La sensation que quelque chose clochait était quasi palpable. La dame vu auparavant avait une aura étrange. Un vent glacial suivait ses moindres faits et gestes, et cela lui faisait froid dans le dos.

D'un pas précipité, la jeune femme alla se poster près d'une des fenêtres. Du bout des doigts elle écarta les pans de rideaux pour pouvoir examiner l'extérieur. Il semblait qu'elle était réellement dans un château, même qu'en obliquant la tête vers la droite elle aperçu une tour. À plusieurs mètres de sa fenêtre, un immense jardin entouré d'une forêt impénétrable s'étalait devant elle.
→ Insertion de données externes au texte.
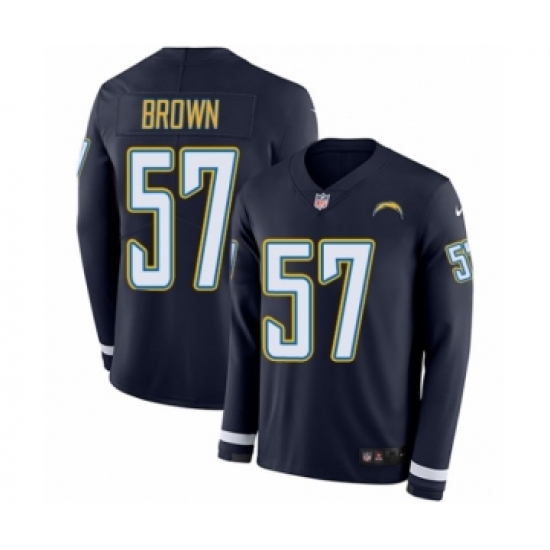 >Youth Nike Los Angeles Chargers #57 Jatavis Brown Limited Navy Blue Therma Long Sleeve NFL Jersey

Et loin, très loin, elle repérait une discontinuité dans la course de la végétation, un espace béant qui ne pouvait être qu'un village selon elle. Et le fait qu'elle ne puisse pas en savoir plus l'enrageait.
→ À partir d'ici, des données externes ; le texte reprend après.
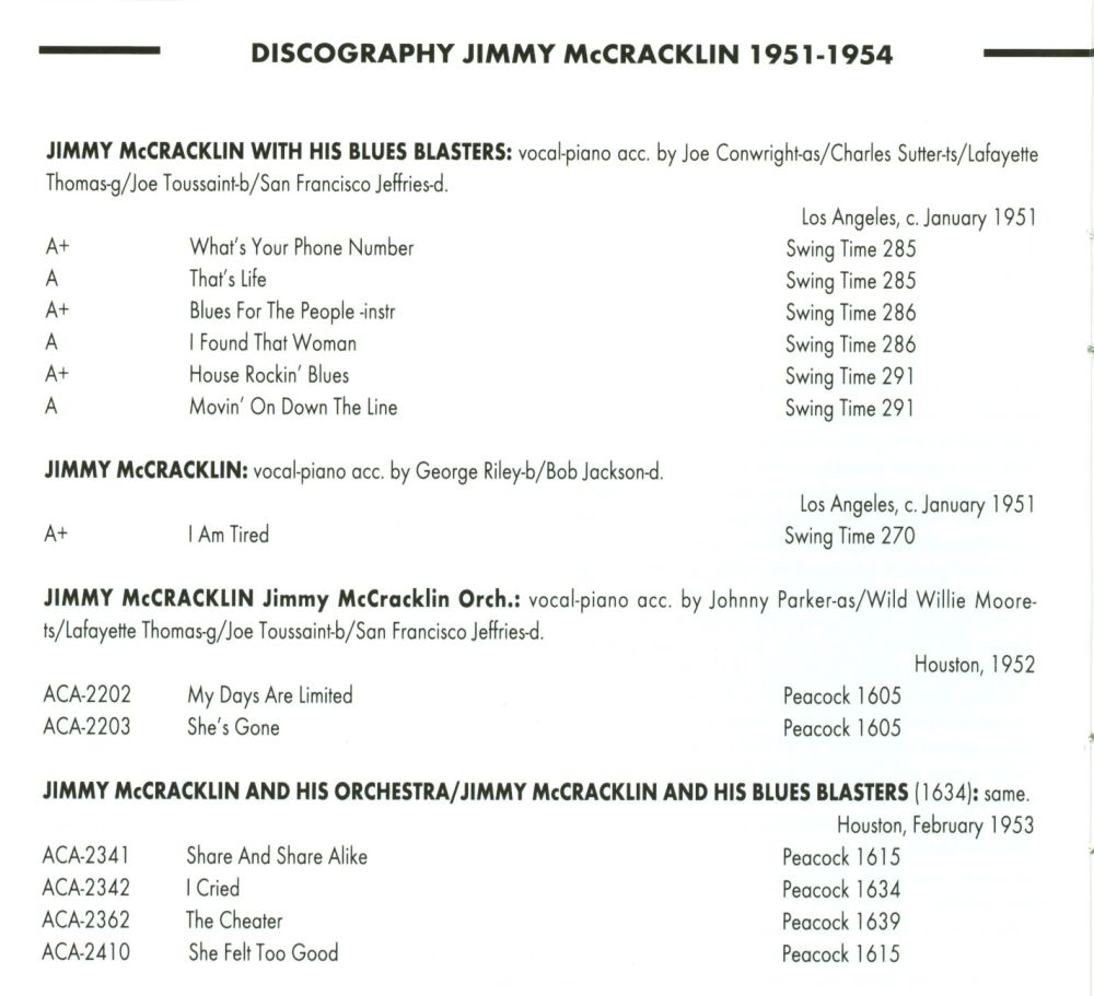 „Ich habe nie [offiziell] für Swing Time aufgenommen – wir gingen für 7 bis 8 Dollar ins Studio und machten selbst etwas, das wir „Dub“ nennen, eine Demo, [damit] wir uns selbst hören konnten. Vieles davon habe ich nicht für Peacock aufgenommen. Ich habe es selbst in Oakland aufgenommen und [die entstandenen Bänder] an Peacock geschickt, und Don Robey nahm das Material an, [als ob] er es veröffentlichen wollte. Und sie haben einfach die Tapes behalten...“ Jimmy McCracklin (1981)

À cran, le cerveau travaillant à mille à l'heure, elle referma sèchement les rideaux avant de tourner la tête vers la coiffeuse - un mobilier tout ce qu'il y avait de plus princier - à proximité. L'image que lui renvoya le miroir lui parut étranger, pourtant il ne pouvait que la refléter. Voilà que je ne me souviens même plus de mon visage. Ô joie! Ô bonheur! Énervée, elle se frotta furieusement la tête, espérant que ce geste violent la remettrait en place. Mais elle ne réussit qu'à se provoquer un mal de crâne atroce.

Un craquement annonçant la réouverture de la porte attira son attention. Un homme aux cheveux noirs et à la beauté phénoménale venait de faire son entrée dans la pièce. Qu'était-ce donc ce cirque?